Rscript --no-save Relatedness.R

# The generated plots show a considerable amount of related individuals (explentation plot; PO = parent-offspring, UN = unrelated individuals) in the Hapmap data, this is expected since the dataset was constructed as such.
# Normally, family based data should be analyzed using specific family based methods. In this tutorial, for demonstrative purposes, we treat the relatedness as cryptic relatedness in a random population sample.
# In this tutorial, we aim to remove all 'relatedness' from our dataset.
# To demonstrate that the majority of the relatedness was due to parent-offspring we only include founders (individuals without parents in the dataset).

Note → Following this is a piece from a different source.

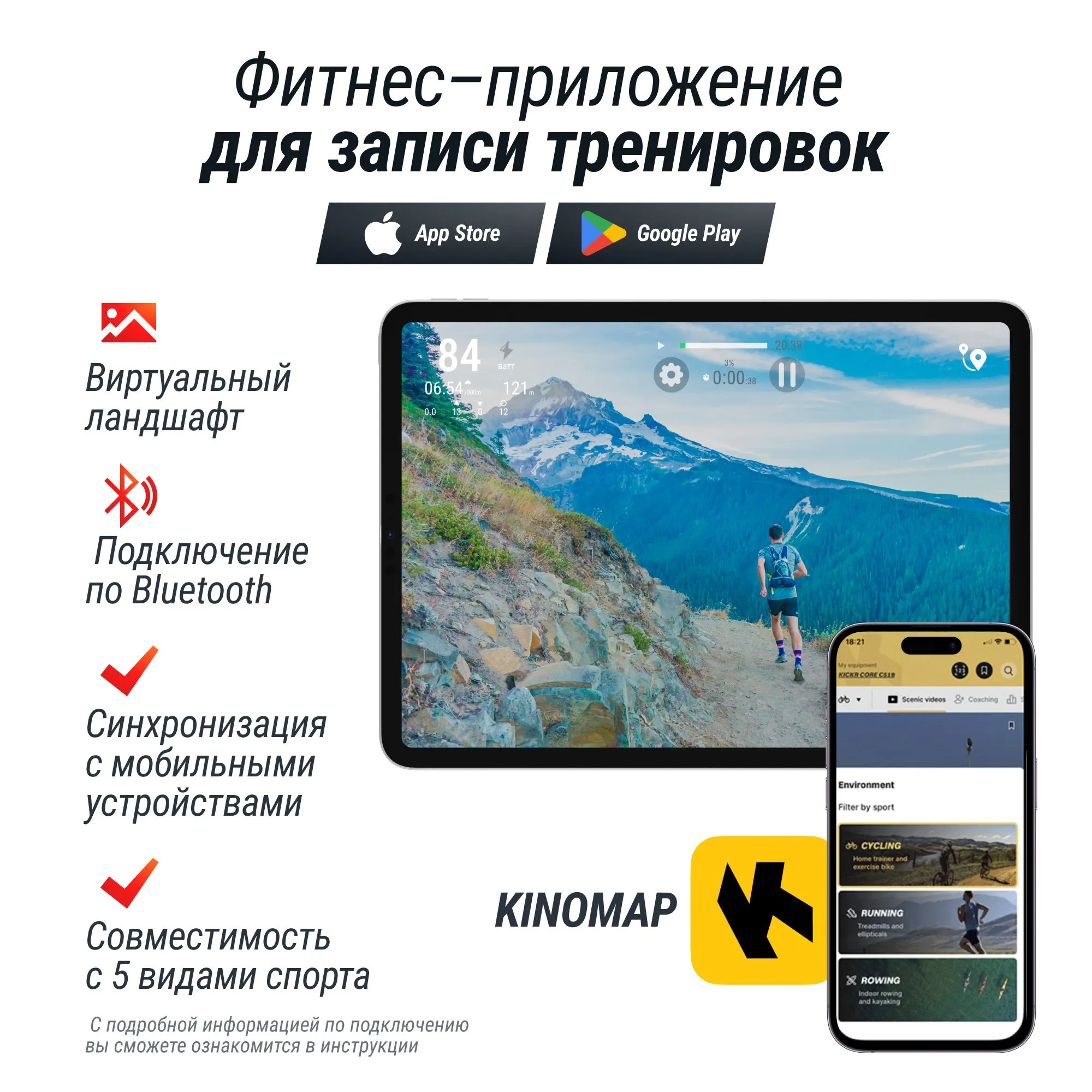 Большой LED экран 47,5 х 9,5 см с 4-мя окошками-стикерами отобразит текущие показатели времени, скорости, дистанцию и потраченные калории. Компьютер дорожки можно синхронизировать с популярными приложениями Kinomap (подключение через Bluetooth). В приложениях можно создать индивидуальный план тренировок, отслеживать прогресс и ставить новые фитнес-цели!

plink --bfile HapMap_3_r3_10 --filter-founders --make-bed --out HapMap_3_r3_11
# Now we will look again for individuals with a pihat >0.2.
plink --bfile HapMap_3_r3_11 --extract indepSNP.prune.in --genome --min 0.2 --out pihat_min0.2_in_founders
# The file 'pihat_min0.2_in_founders.genome' shows that, after exclusion of all non-founders, only 1 individual pair with a pihat greater than 0.2 remains in the HapMap data.
# This is likely to be a full sib or DZ twin pair based on the Z values. Noteworthy, they were not given the same family identity (FID) in the HapMap data.
# For each pair of 'related' individuals with a pihat > 0.2, we recommend to remove the individual with the lowest call rate.
plink --bfile HapMap_3_r3_11 --missing
# Use an UNIX text editor (e.g., vi(m) ) to check which individual has the highest call rate in the 'related pair'.
# Generate a list of FID and IID of the individual(s) with a Pihat above 0.2, to check who had the lower call rate of the pair.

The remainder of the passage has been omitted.